Having done all this work, the author is, in the end, entitled (but not obliged) to make some deductions and formulate some conclusions of his own. He is in the best position to do so relative to previous authors who had less data to consider. The only warning to give here is that the author should be careful not to overstep the bounds of his expertise and background, or he may embarrass himself.

PHOTOS AND FIGURES
Specimen Photos
Like Oscar Wilde, we at the Mineralogical Record and our faithful readers have the simplest of tastes: we are easily satisfied with the best. Normally, this is not a problem for authors, except when it comes to specimen photos. Not only must the specimen itself be of top quality, but the technical and aesthetic aspects of the photo must also meet a high standard.

We demand top-quality specimens for illustrations because (1) such pieces best show mineralogical features such as habit, forms, associations, colors, etc., (2) they represent a standard of quality for the locality against which collectors and curators can compare their own specimens, and (3) they provide maximum aesthetic pleasure for the reader. A European subscriber once complained that the Mineralogical Record works too hard to show the best; instead, he said, we should show specimens of the quality which collectors can reasonably expect to be able to dig up at the locality or purchase from dealers for a nominal sum. Otherwise, the reader will become discouraged. Our response is that the purpose of the Mineralogical Record is not to foster satisfaction with one’s personal collection, but to provide information. Once one knows what the best looks like, it is a simple matter to visualize the mediocre; the reverse, however, is not possible. And in any case, personal satisfaction must come from within; the joy of gaining new knowledge is all that we can expect to offer the reader.

Therefore, the first task is simply to locate the best, or at least particularly fine, specimens. At this point I should mention that, as a service to authors, the editorial staff of the Mineralogical Record can sometimes arrange for some or all of the necessary specimens and photos. An author with a good text, lacking only photos, will not be rejected out of hand. In fact, in some cases we actually prefer to be allowed to prepare the photography ourselves, to assure that our standards are met.

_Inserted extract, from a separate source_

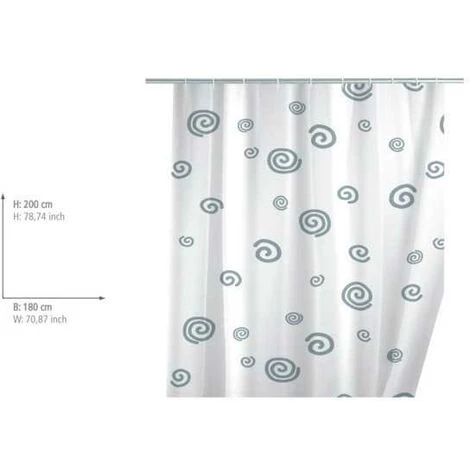 Le rideau de douche Escargot confère un design discret à la salle de bain. D’une largeur de 180 cm, il est adapté aussi bien pour les douches que pour les baignoires. Le rideau de douche aux finitions haut de gamme est fabriqué à base d’un tissu polyester particulièrement robuste. La matière est hydrofuge grâce à l’ennoblissement de la surface. Il est facile à entretenir et lavable à 30 °C. L’ourlet supérieur est doté d’un rebord renforcé à trous et d’oeillets métalliques inox. Un ruban alourdisseur à l’extrémité du bas donne au rideau sa forme. La livraison comprend 12 anneaux plastiques blancs pour rideau.l: 200 cm x L: 180 cm

Those authors wishing to provide at least some of the necessary specimen photography themselves should canvas the private and public collections available to them, then borrow the specimens or visit the owner for a photo session. If necessary the author should arrange for an experienced mineral photographer to help him out. With luck some photos already on file might be found, and custom work can be kept to a minimum. (We maintain a stock photo collection of over 3,000 mineral images in the editorial office, all of which are available as needed.) Authors should be aware that our selection criteria for specimens and photos are based solely on quality, not on ownership. If an author submits photos of specimens and the editorial staff is able to find better ones, then the better images will be used.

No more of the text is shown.